May I ask a question about scheduler (sched_rt.c)?

MING ZHOU <a17711@xxxxxxxxxxxx> · Tue, 1 Nov 2011 11:46:47 +0800

Hi  all,

 May I ask a question about scheduler (sched_rt.c)? I want to make
sure a patch related  in kernel-linux mailing list is valid or not.
 http://lkml.org/lkml/2008/9/25/189

 I encountered a kernel panic recently which caused by BUG_ON in
pick_next_pushable_task ( my kernel version is 2.6.35, on arm
platform).

static struct task_struct *pick_next_pushable_task(struct rq *rq)
{
   ...
     BUG_ON(task_current(rq, p));  <------------ panic here!!!
   ...
}

<4>[17583.180664] [<c00a3888>] (pick_next_pushable_task+0x4c/0xa4)
from [<c00ae21c>] (push_rt_task+0x20/0x264)
<4>[17583.180725] [<c00ae21c>] (push_rt_task+0x20/0x264) from
[<c00ae554>] (post_schedule_rt+0x14/0x20)
<4>[17583.180816] [<c00ae554>] (post_schedule_rt+0x14/0x20) from
[<c069352c>] (schedule+0x738/0x7c8)

 I checked patch history related to push_rt_task, and I think the
following patch may be the reason, since if dequeue task improperly,
it may ruin task pointer by mistake.

 https://lkml.org/lkml/2011/8/14/71
Commit-ID:  311e800e16f63d909136a64ed17ca353a160be59
Author:     Hillf Danton <dhillf@xxxxxxxxx>

sched, rt: Fix rq->rt.pushable_tasks bug in push_rt_task()

Do not call dequeue_pushable_task() when failing to push an eligible
task, as it remains pushable, merely not at this particular moment.

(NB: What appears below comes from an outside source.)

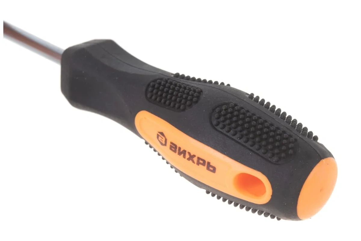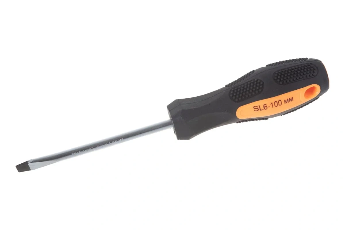 Обладает широким шлицем, которого достаточно для работы с большими винтами. Преимущество модели заключается в наличии нескользящей двухкомпонентной рукоятки. Хромованадиевый стержень обеспечивает максимально полную передачу усилий к крепежу.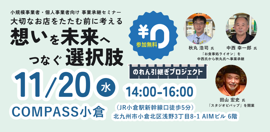 事業承継マッチングプラットフォーム「relay」を運営する株式会社ライトライトは11月20日、AIMビル6階のCOMPASS小倉(北九州市小倉北区浅野3-8-1)で小規模事業者・個人事業者向けの事業承継セミナー「想いを未来へつなぐ選択肢」を開催します。

Signed-off-by: Hillf Danton <dhillf@xxxxxxxxx>
Signed-off-by: Mike Galbraith <mgalbraith@xxxxxx>
Signed-off-by: Steven Rostedt <rostedt@xxxxxxxxxxx>
Signed-off-by: Peter Zijlstra <a.p.zijlstra@xxxxxxxxx>
Cc: Yong Zhang <yong.zhang0@xxxxxxxxx>

And I also noticed in commit history of sched_rt.c, I found the
similar patch is submitted before at 2008.
However, it was not picked up in latest kernel code.  So, I am
wondering whether this patch is valid?

commit 1563513d34ed4b12ef32bc2adde4a53ce05701a1
Author: Gregory Haskins <ghaskins@xxxxxxxxxx>
Date:   Mon Dec 29 09:39:53 2008 -0500

RT: fix push_rt_task() to handle dequeue_pushable properly

  A panic was discovered by Chirag Jog where a BUG_ON sanity check
  in the new "pushable_task" logic would trigger a panic under
  certain circumstances:

  http://lkml.org/lkml/2008/9/25/189

  Gilles Carry discovered that the root cause was attributed to the
  pushable_tasks list getting corrupted in the push_rt_task logic.
  This was the result of a dropped rq lock in double_lock_balance
  allowing a task in the process of being pushed to potentially migrate
  away, and thus corrupt the pushable_tasks() list.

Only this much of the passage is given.